═══ DATASET SECTION

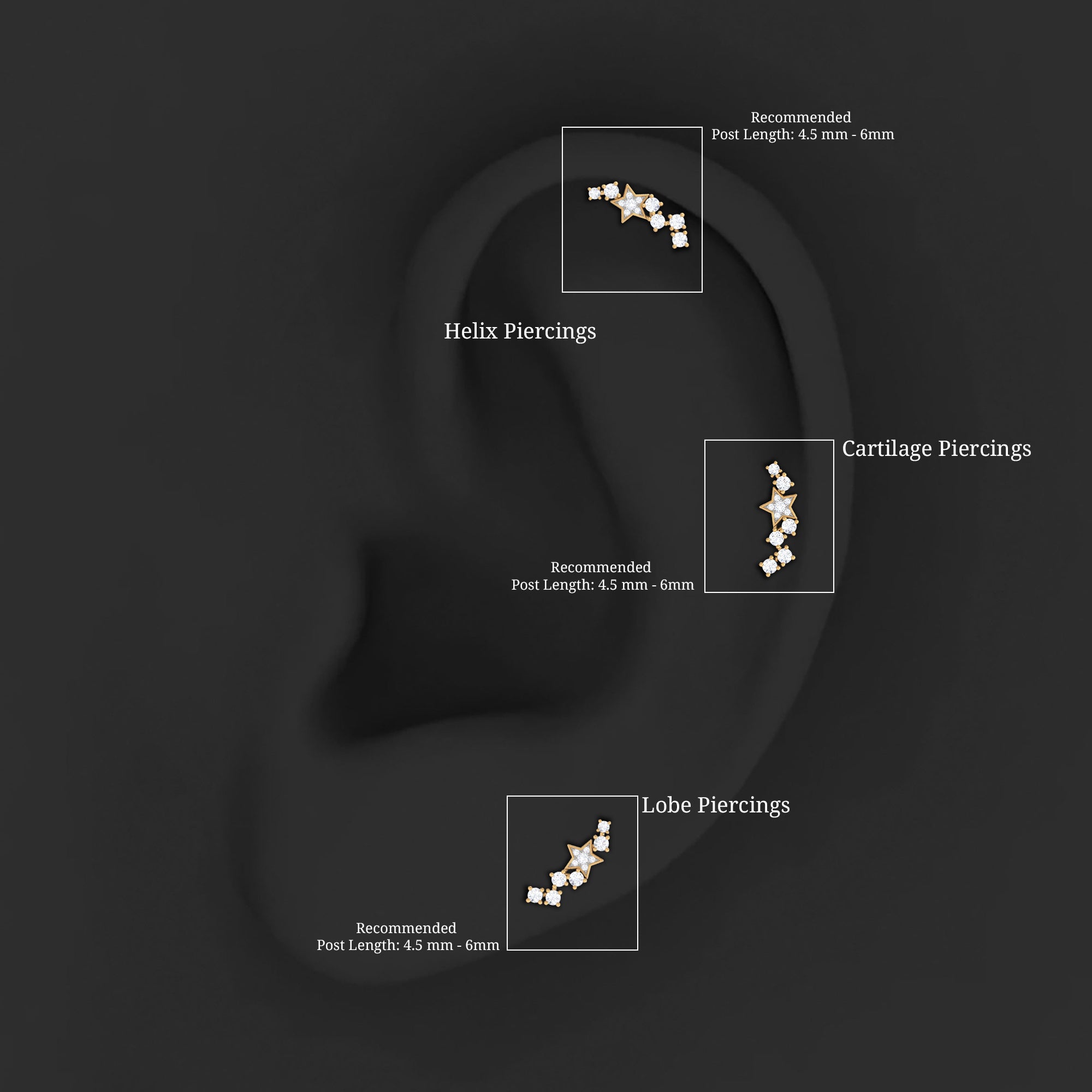 Moissanite Star Celestial Crawler Earring for Helix Piercing ‐ D-VS1 / 10K Yellow Gold / Select Option
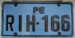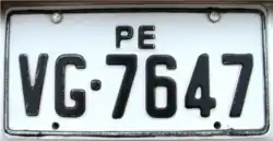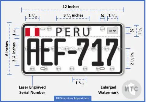 Peru requires its residents to register their motor vehicles and display vehicle registration plates.[1] Current plates are North American standard 6 in × 12 in (150 mm × 300 mm).
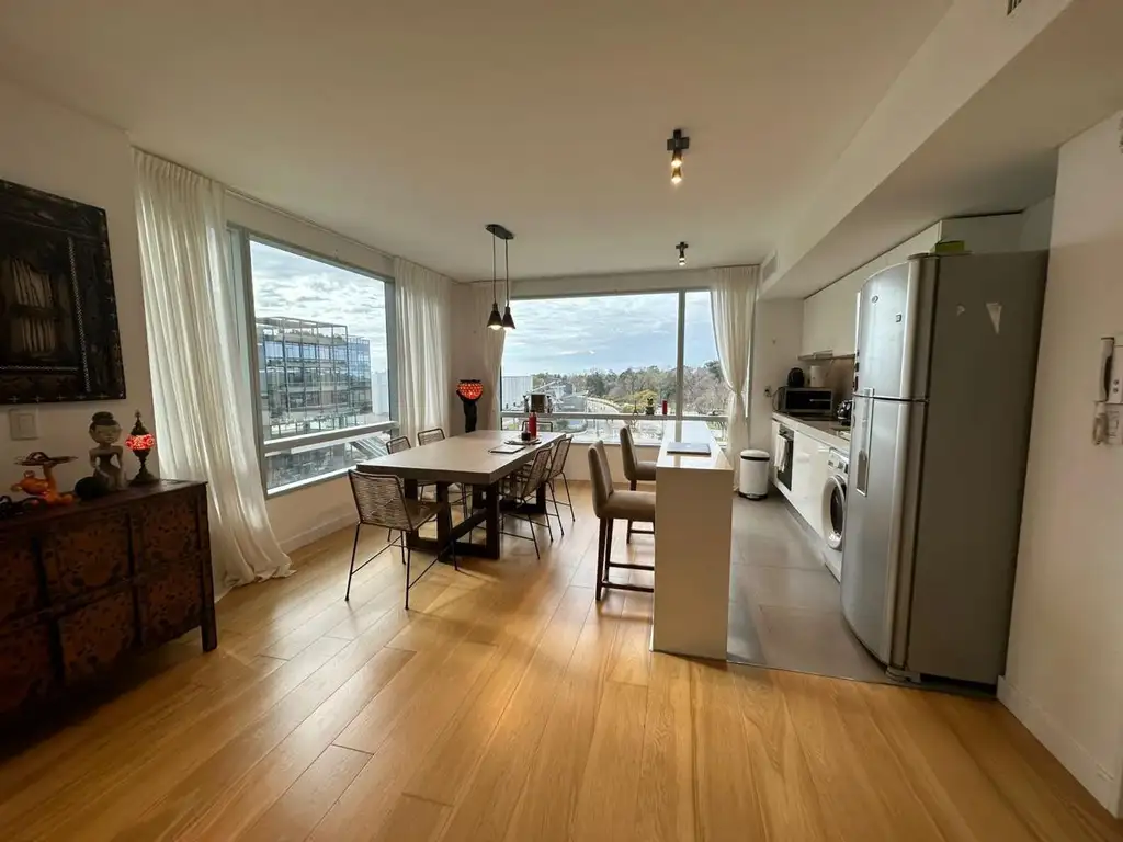 Living, estar-comedor con salida al balcón. Toilette de recepción. Cocina integrada, equipada con muebles de bajo mesada y alacenas. Las mesadas son de Silestone. Cuenta además con anafe vitro-cerámico y horno eléctrico línea GLEM (Italiano).
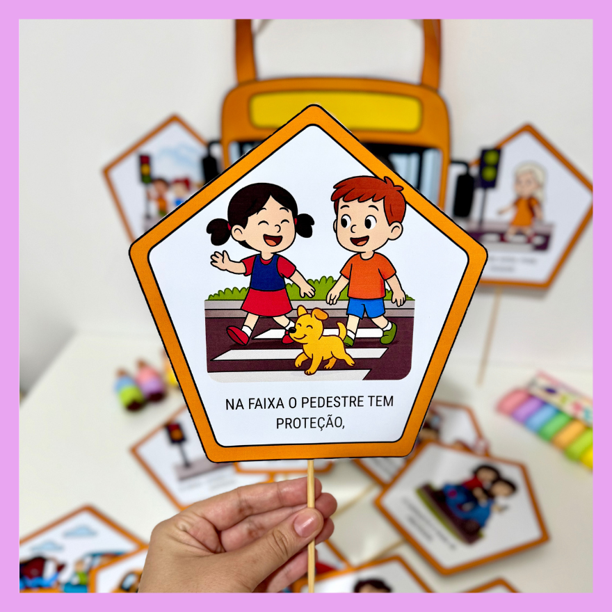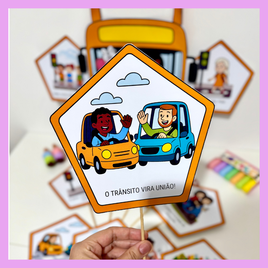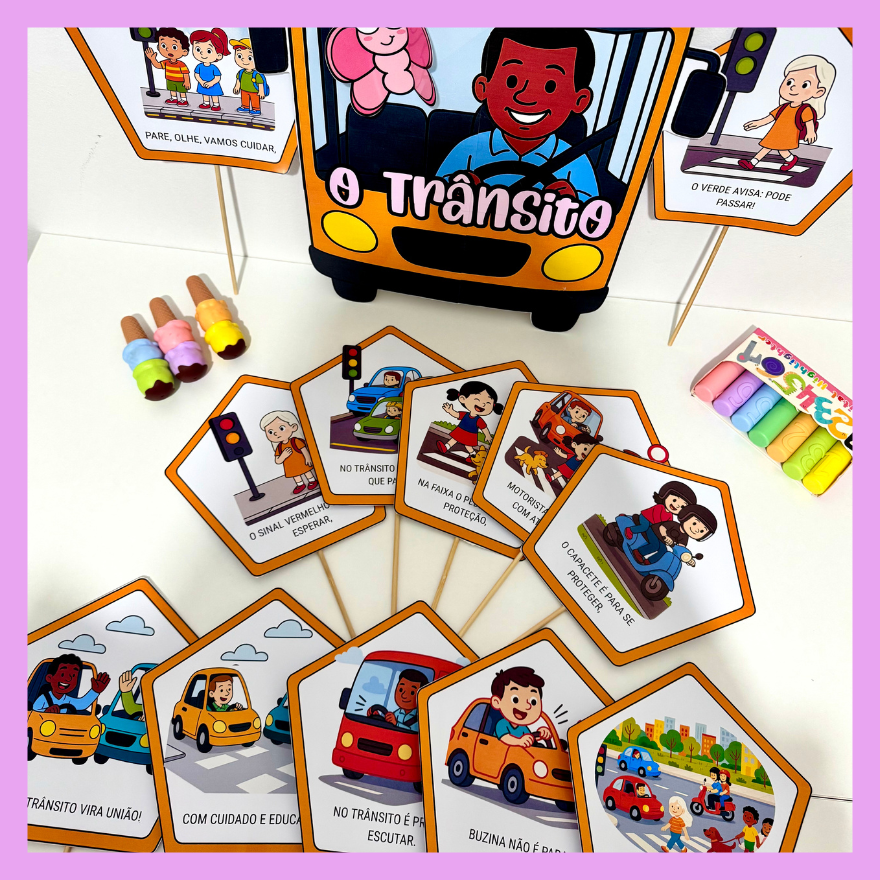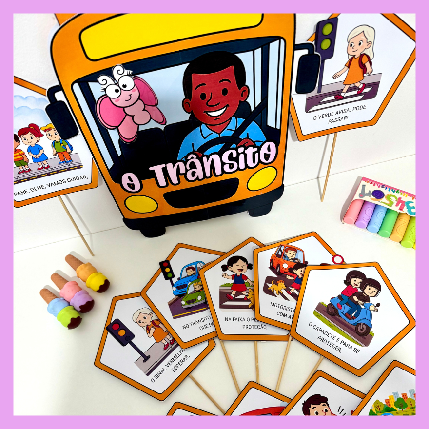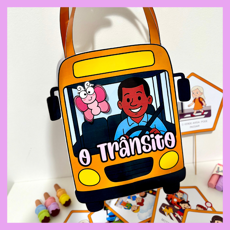Sacola com a história rimada “O Trânsito” para trabalhar o tema com crianças da Educação Infantil e séries iniciais do Ensino Fundamental.

══════

Starting at the line that contains "Peru requires its", please write out each line through the last line of the data, both ends included, and keep pictures out of the copy.

→ SOLUTION TO THIS PROBLEM
 Peru requires its residents to register their motor vehicles and display vehicle registration plates.[1] Current plates are North American standard 6 in × 12 in (150 mm × 300 mm).
 Living, estar-comedor con salida al balcón. Toilette de recepción. Cocina integrada, equipada con muebles de bajo mesada y alacenas. Las mesadas son de Silestone. Cuenta además con anafe vitro-cerámico y horno eléctrico línea GLEM (Italiano).
Sacola com a história rimada “O Trânsito” para trabalhar o tema com crianças da Educação Infantil e séries iniciais do Ensino Fundamental.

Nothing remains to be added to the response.